The NearMiss family was introduced by Inderjeet Mani and I-Hsin Zhang in 2003 in the Workshop on Learning from Imbalanced Datasets held at ICML. Three variants are commonly used. NearMiss-1 keeps majority points with the smallest mean distance to their three closest minority points; NearMiss-2 uses the three farthest minority points; NearMiss-3 keeps, for each minority point, the $k$ closest majority points. NearMiss-1 tends to retain majority points that sit close to minority clusters, which is useful when the boundary is the part of the majority class you want the classifier to learn. NearMiss-3 guarantees that every minority point keeps some majority neighbors, which makes it more robust to outliers.

neighborhood cleaning rule

The Neighborhood Cleaning Rule (NCR) was proposed by Jorma Laurikkala in 2001 at the Eighth Conference on Artificial Intelligence in Medicine in Europe. NCR combines ENN with a second pass that finds majority neighbors of misclassified minority points and removes them as well. On Laurikkala's experiments NCR outperformed both random undersampling and one-sided selection on a panel of medical datasets, particularly when the small class was clinically important.

ensemble undersampling

A single undersampled subset throws away most of the majority data and produces a high-variance classifier. Ensemble undersampling reduces this variance by training many classifiers on different random subsets and averaging their predictions. The same idea drives bagging on full datasets, but here each bag is a balanced sample drawn from the imbalanced original.

Method	Year	Idea
EasyEnsemble	2009	Sample several balanced subsets from the majority class, train an AdaBoost classifier on each, then aggregate predictions
BalanceCascade	2009	Same as EasyEnsemble but sequential; after each round, correctly classified majority points are removed before the next subset is drawn
RUSBoost	2010	At each AdaBoost iteration, randomly undersample the majority class to a target ratio before fitting the weak learner
Balanced Bagging	classical	Bagging where each bootstrap sample is balanced by undersampling the majority class
Balanced Random Forest	2004	Each tree in the forest is grown on a balanced bootstrap sample drawn by undersampling the majority class

EasyEnsemble and BalanceCascade were proposed by Xu-Ying Liu, Jianxin Wu, and Zhi-Hua Zhou in 2009 in IEEE Transactions on Systems, Man, and Cybernetics, Part B (volume 39, pages 539 to 550). The paper showed that both methods consistently improved AUC, F-measure, and G-mean over single-classifier undersampling, with training time comparable to a single AdaBoost run when the same number of weak learners is used.
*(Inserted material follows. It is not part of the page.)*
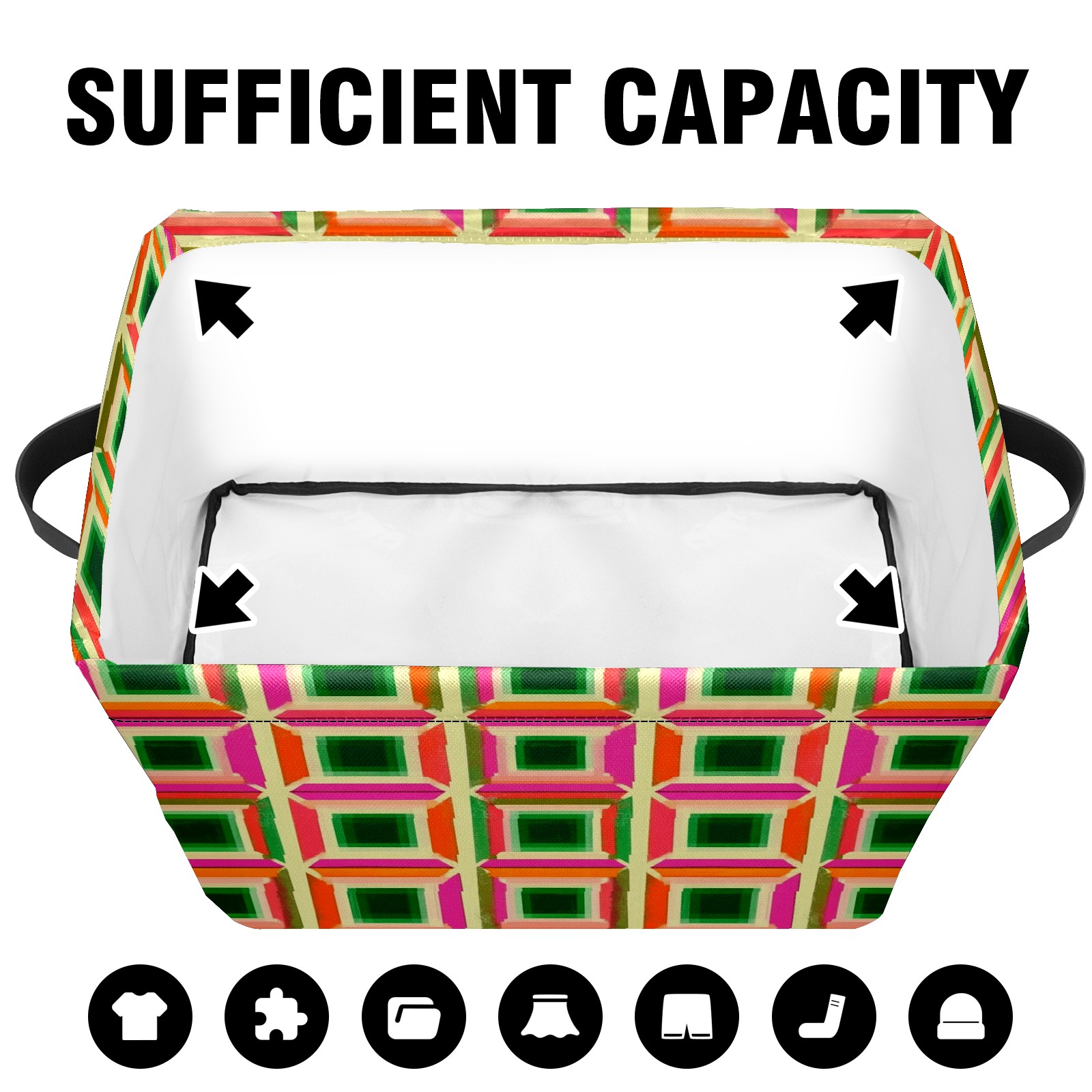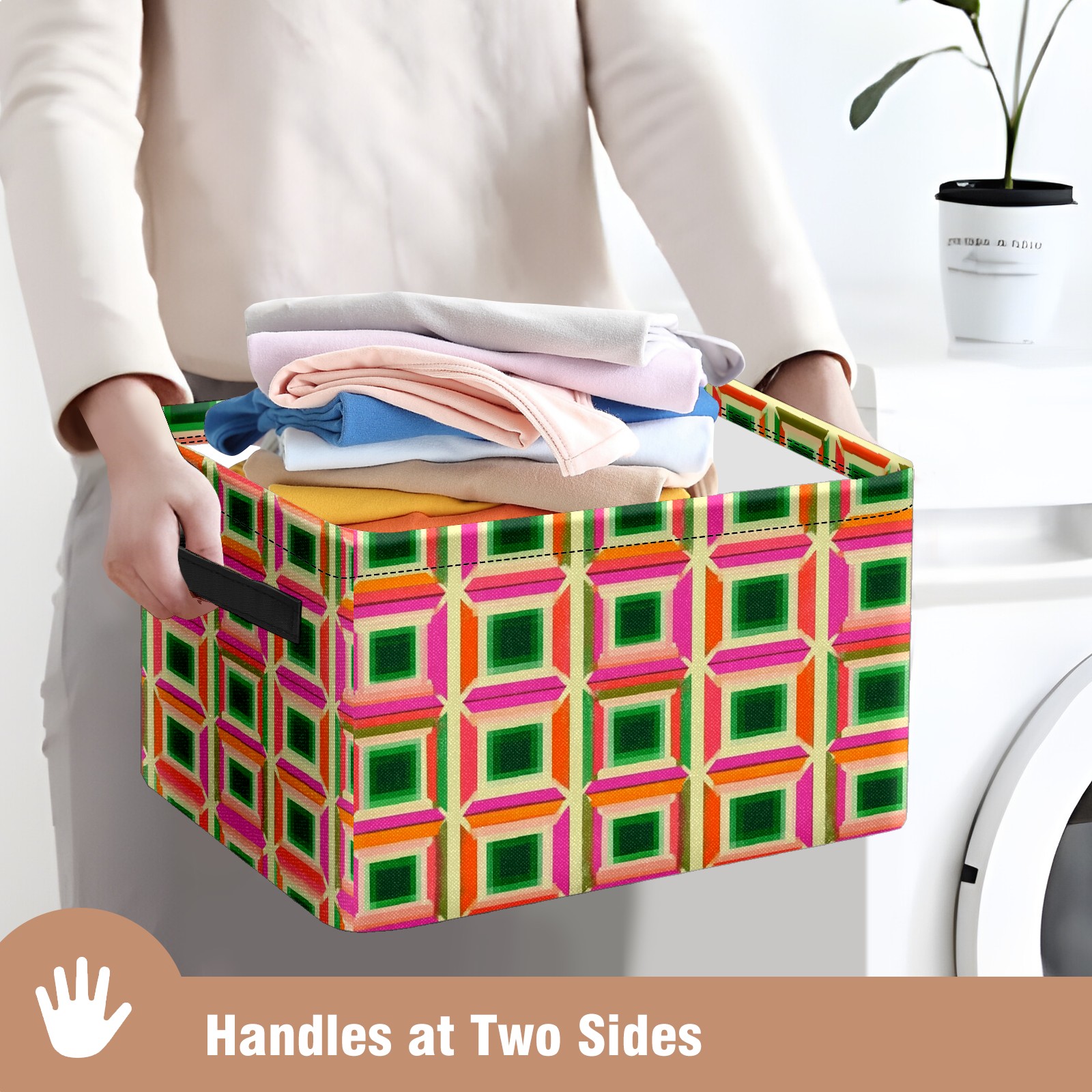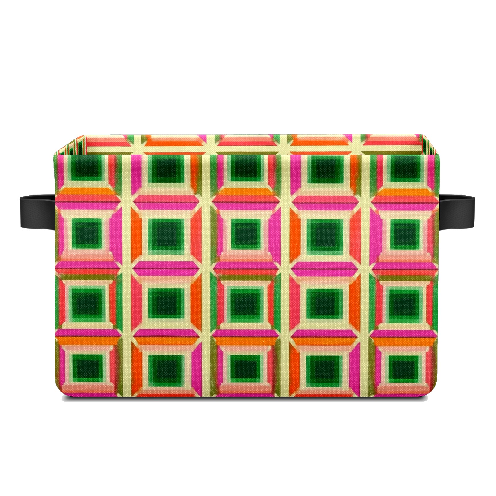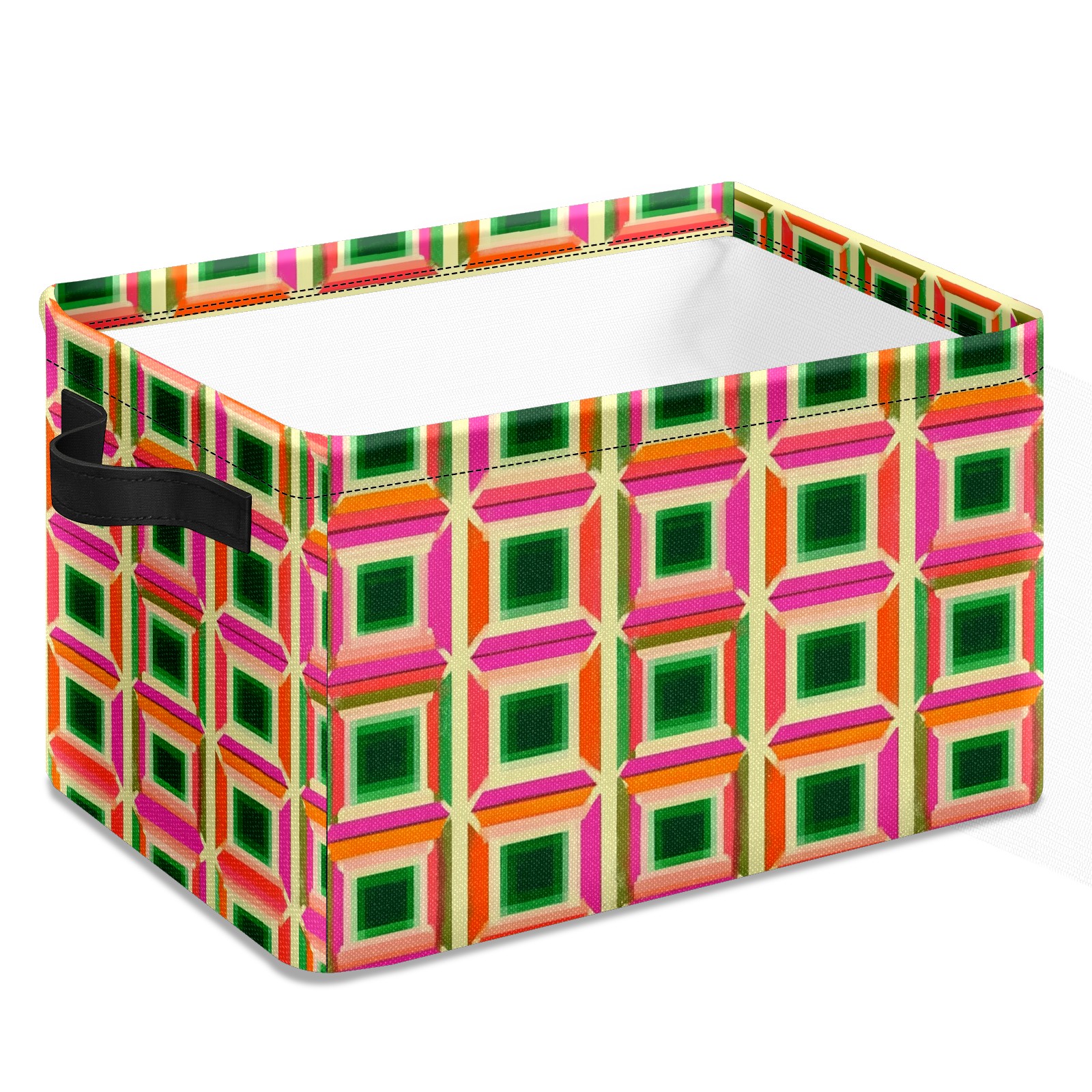 Foldable and Stackable Fabric Storage Basket for Home Organization with Handles, Decorative Closet Bins for Shelves and Laundry Storage( Green Pink And Orange Squares)

RUSBoost, introduced by Chris Seiffert, Taghi Khoshgoftaar, Jason Van Hulse, and Amri Napolitano in 2010 in IEEE Transactions on Systems, Man and Cybernetics, Part A (volume 40, pages 185 to 197), takes the same direction by interleaving random undersampling with AdaBoost weight updates. The authors showed that RUSBoost matched or beat SMOTEBoost on most benchmarks while being simpler and faster.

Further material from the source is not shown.